__PROBLEM TO SOLVE__
Could you retype the material, starting at its first line and ending with the line holding "然而,天眼查显示,朝冠科技注", and keep the pictures out?

__DATA BLOCK__
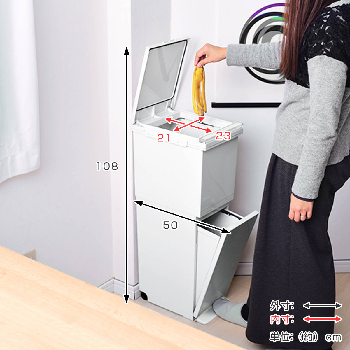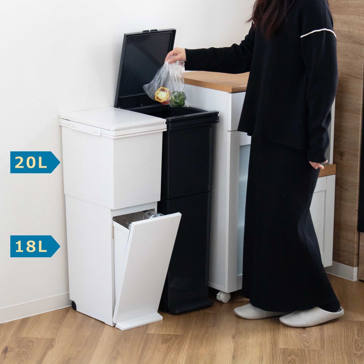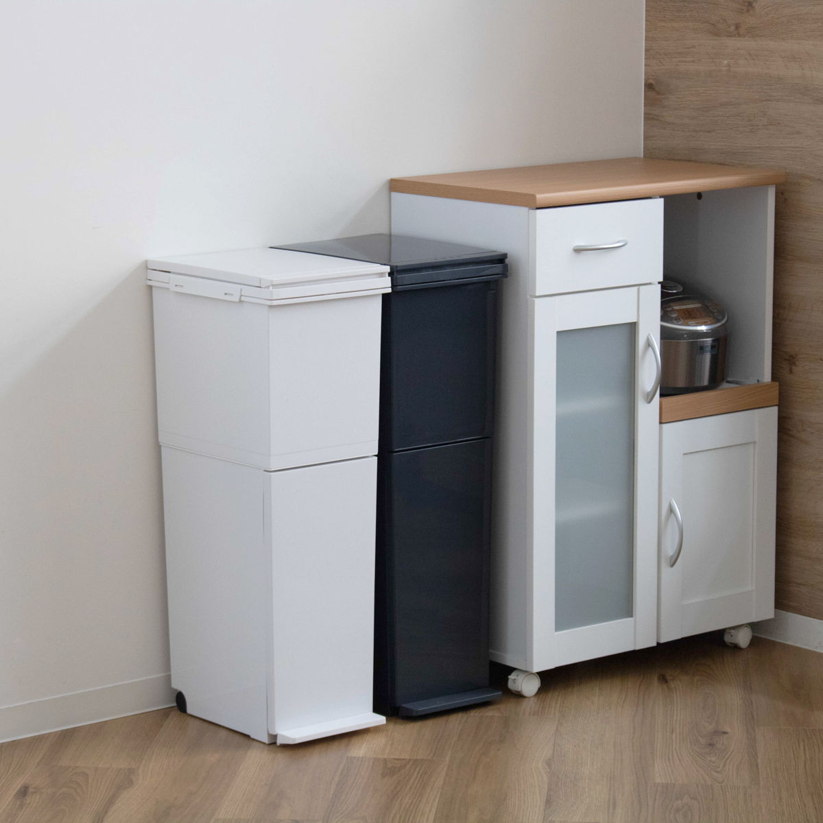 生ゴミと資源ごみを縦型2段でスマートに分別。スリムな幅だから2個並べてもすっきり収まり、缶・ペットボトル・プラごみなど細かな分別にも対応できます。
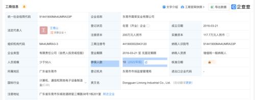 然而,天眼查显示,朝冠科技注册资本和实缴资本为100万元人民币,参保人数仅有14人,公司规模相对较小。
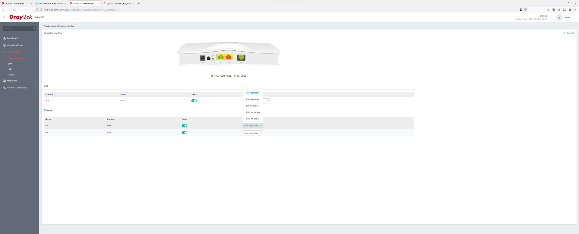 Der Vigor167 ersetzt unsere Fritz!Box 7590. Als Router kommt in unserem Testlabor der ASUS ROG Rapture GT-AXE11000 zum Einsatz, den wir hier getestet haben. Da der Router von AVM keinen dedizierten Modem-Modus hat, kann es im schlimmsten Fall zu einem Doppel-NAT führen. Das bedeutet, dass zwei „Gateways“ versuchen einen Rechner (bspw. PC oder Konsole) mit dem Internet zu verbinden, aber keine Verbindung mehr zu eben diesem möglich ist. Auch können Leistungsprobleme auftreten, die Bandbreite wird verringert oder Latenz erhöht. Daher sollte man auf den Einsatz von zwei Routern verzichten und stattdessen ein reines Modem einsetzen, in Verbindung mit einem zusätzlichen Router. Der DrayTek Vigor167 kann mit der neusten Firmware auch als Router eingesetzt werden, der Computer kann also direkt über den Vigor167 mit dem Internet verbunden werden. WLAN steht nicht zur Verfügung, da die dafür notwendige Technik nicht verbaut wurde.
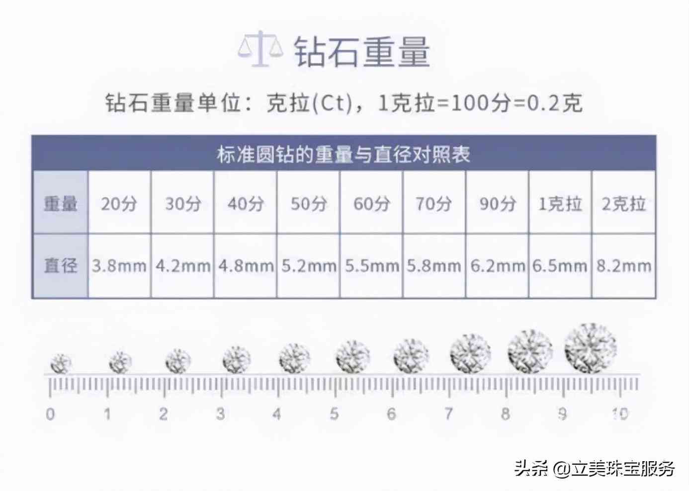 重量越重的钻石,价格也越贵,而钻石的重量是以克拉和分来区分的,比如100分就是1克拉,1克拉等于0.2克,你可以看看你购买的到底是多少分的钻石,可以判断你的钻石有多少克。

__TASK OUTPUT__
 生ゴミと資源ごみを縦型2段でスマートに分別。スリムな幅だから2個並べてもすっきり収まり、缶・ペットボトル・プラごみなど細かな分別にも対応できます。
 然而,天眼查显示,朝冠科技注册资本和实缴资本为100万元人民币,参保人数仅有14人,公司规模相对较小。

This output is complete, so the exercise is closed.